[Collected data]
● ● ● ● ● ● ●
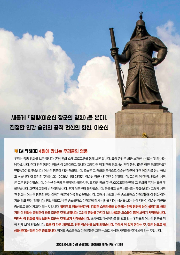 모바일로 보시는 분들은 하단으로 내려주시기 바랍니다. > 인쇄용은 상단 첨부파일을 다운로드하시기 바랍니다. > 댓글을 쓴 후, 하단 내 글 보관하기에 들어가서 보관해주세요. "SONGS Nifty Fifty for Song's Class" *학생용 글 입니다 -모바일- 2026.04.18 DYB 송오현의 ‘SONGS Nifty Fifty’ [16] 새롭게 『명량(이순신 장군의 영화)』을 본다!, 진정한 인간 승리와 공적 헌신의 화신, 이순신 [시작하며] 4월에 만나는 우리들의 영웅 우리는 종종 영화를 보곤 합니다. 흔히 영화 소개 프로그램을 통해 보곤 합니다. 요즘 관건은 최근 소개한 바 있는 『왕과 사는 남자』입니다. 현재 관객 동원이 영화사상 2등이....... <img src="https://blogthumb.pstatic.net/MjAyNjA0MTdfMTU3/MDAxNzc2Mzg3MzU0MTgw.6zkn5yDFbE7V4Dkhuk9sX646q4vCt8-BKgtFmrPSRkcg.Oomg1riD67M-kAHtOdluiigBaFppwB7EN-ajeiLx-OMg.JPEG/20260418_%C0%CC%BC%F8%BD%C5-%BE%D0%C3%E0%B5%CA_1.jpg?type=s3" />
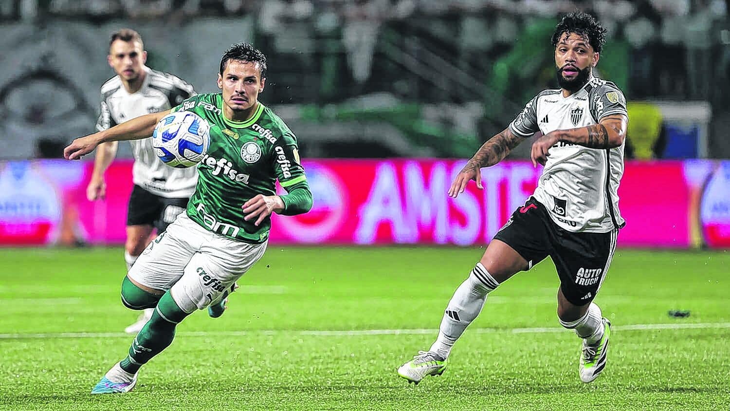 O jogador Raphael Veiga, da SE Palmeiras, disputa bola com o jogador do C Atlético Mineiro, durante partida válida pela oitava de final, volta, da Copa Libertadores, na arena Allianz Parque. (Foto: Cesar Greco/Palmeiras/by Canon)
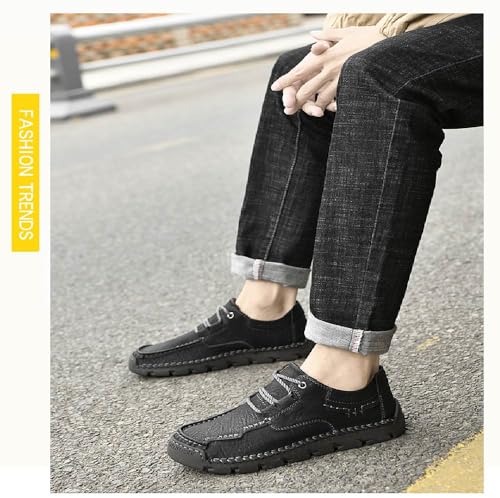Men's Casual Leather Shoes Hand-Stitched Fashion Classic Loafers Lightweight Lace-Up Non-Slip Wear-Resistant Work Shoes 6
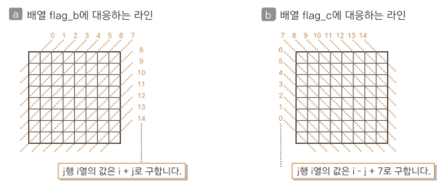 flag_c[i - j + 7] == false) // 대각선 ↘에 아직 배치하지 않음
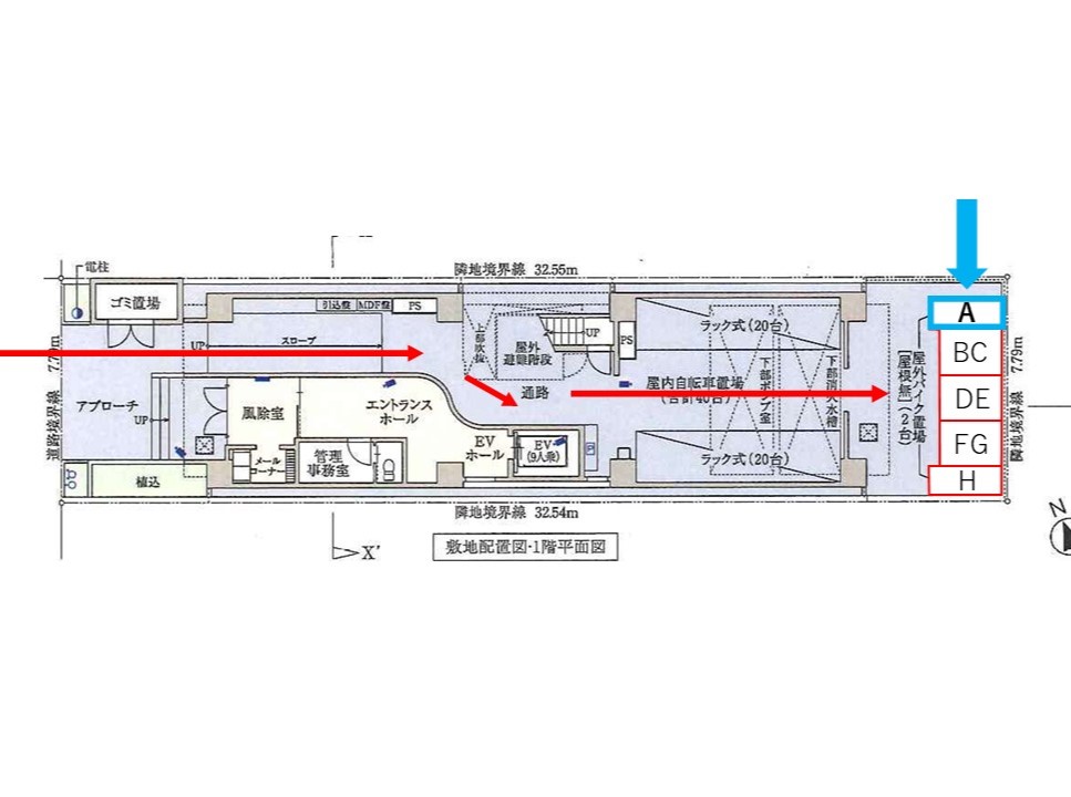 入庫サイズを必ずご自身で確認の上、車室に収まるバイクを駐車して下さい。
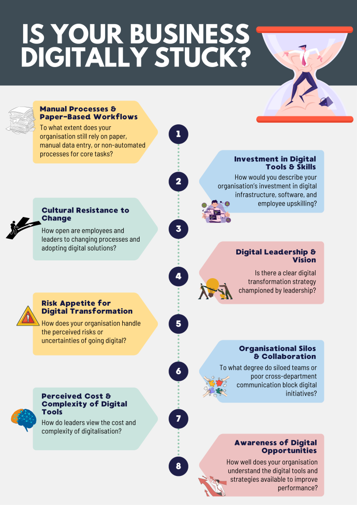 Organisations often hold on to familiar ways of working like a trusted old clock, once reliable, comforting, and perfectly in sync. And that is understandable. For companies with deep histories and legacies to protect, change can feel like a risk to all they’ve built. But maybe the clock needs a reset to keep ticking with the times. The good news? You don’t have to abandon your past, you just have to realign with the present. Customers, business partners, and employees are evolving, and so are the tools and technologies that support them. By embracing change with intention and clarity, your business can stay in rhythm with the world around it. Digital transformation is about staying relevant, resilient, and ready for what’s next.
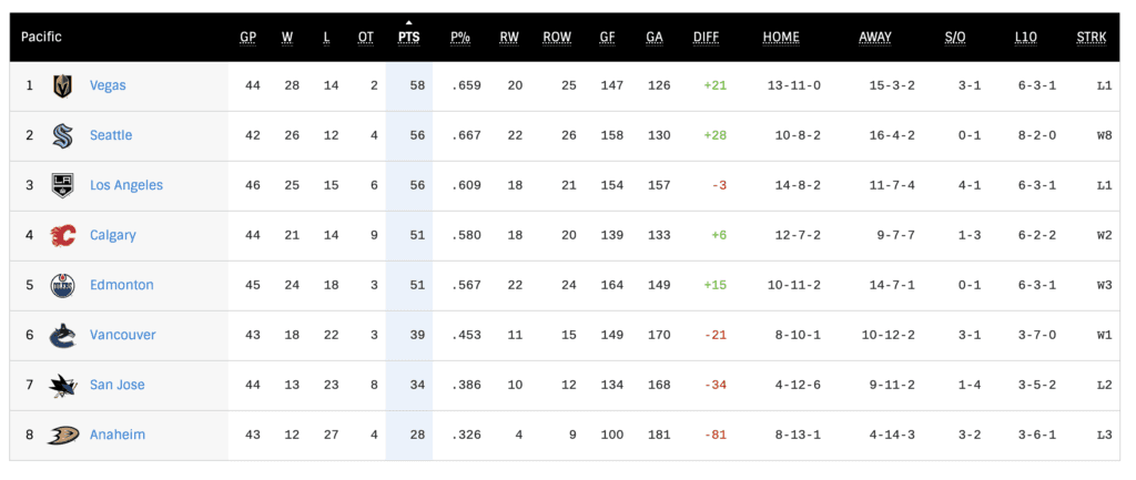 Below are the standings of the wild card race (as well as the top three teams in the Pacific Division) as of Monday, January 16…
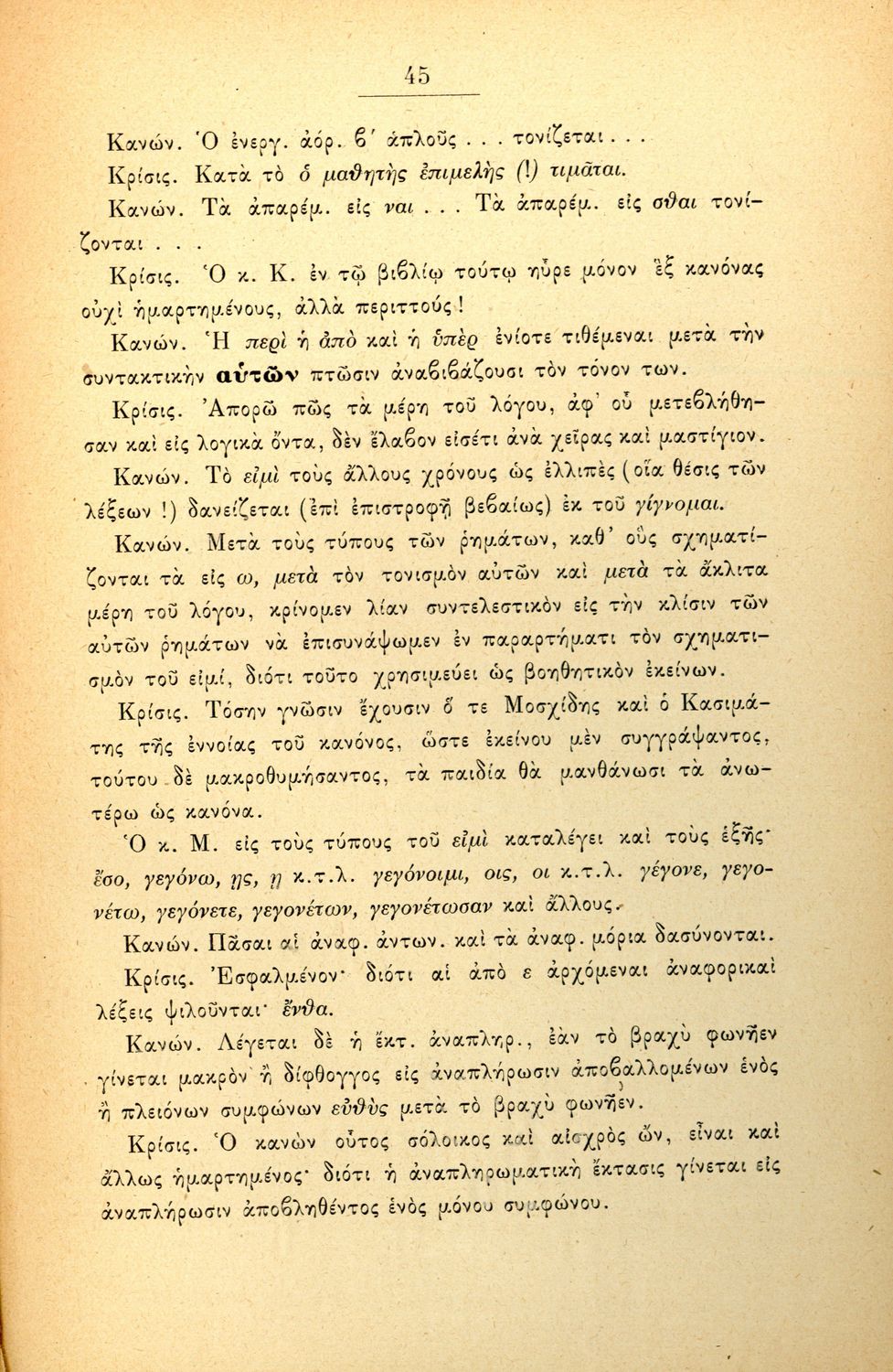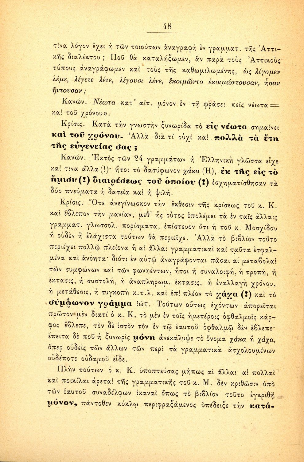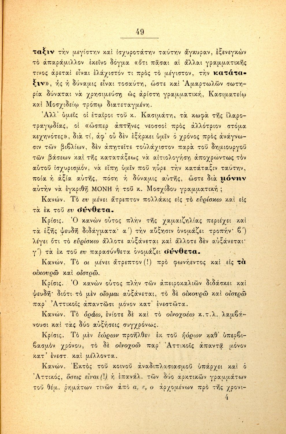 Σύγγραμμα που ασκεί δριμεία κριτική τόσο στην Ελληνική Γραμματική της Αττικής Διαλέκτου του Δημήτρη Μοσχίδη όσο και στην επιτροπή, υπό τον Κοσμά Κασιμάτη, που την ενέκρινε στον σχετικό διαγωνισμό του 1901.
● ● ● ● ● ● ●
[YOUR OBJECTIVE] Return only the lines from the one containing "Men's Casual Leather" through the last line of the entries above, exactly as written and without pictures.

[ANSWER AREA]
Men's Casual Leather Shoes Hand-Stitched Fashion Classic Loafers Lightweight Lace-Up Non-Slip Wear-Resistant Work Shoes 6
 flag_c[i - j + 7] == false) // 대각선 ↘에 아직 배치하지 않음
 入庫サイズを必ずご自身で確認の上、車室に収まるバイクを駐車して下さい。
 Organisations often hold on to familiar ways of working like a trusted old clock, once reliable, comforting, and perfectly in sync. And that is understandable. For companies with deep histories and legacies to protect, change can feel like a risk to all they’ve built. But maybe the clock needs a reset to keep ticking with the times. The good news? You don’t have to abandon your past, you just have to realign with the present. Customers, business partners, and employees are evolving, and so are the tools and technologies that support them. By embracing change with intention and clarity, your business can stay in rhythm with the world around it. Digital transformation is about staying relevant, resilient, and ready for what’s next.
 Below are the standings of the wild card race (as well as the top three teams in the Pacific Division) as of Monday, January 16…
 Σύγγραμμα που ασκεί δριμεία κριτική τόσο στην Ελληνική Γραμματική της Αττικής Διαλέκτου του Δημήτρη Μοσχίδη όσο και στην επιτροπή, υπό τον Κοσμά Κασιμάτη, που την ενέκρινε στον σχετικό διαγωνισμό του 1901.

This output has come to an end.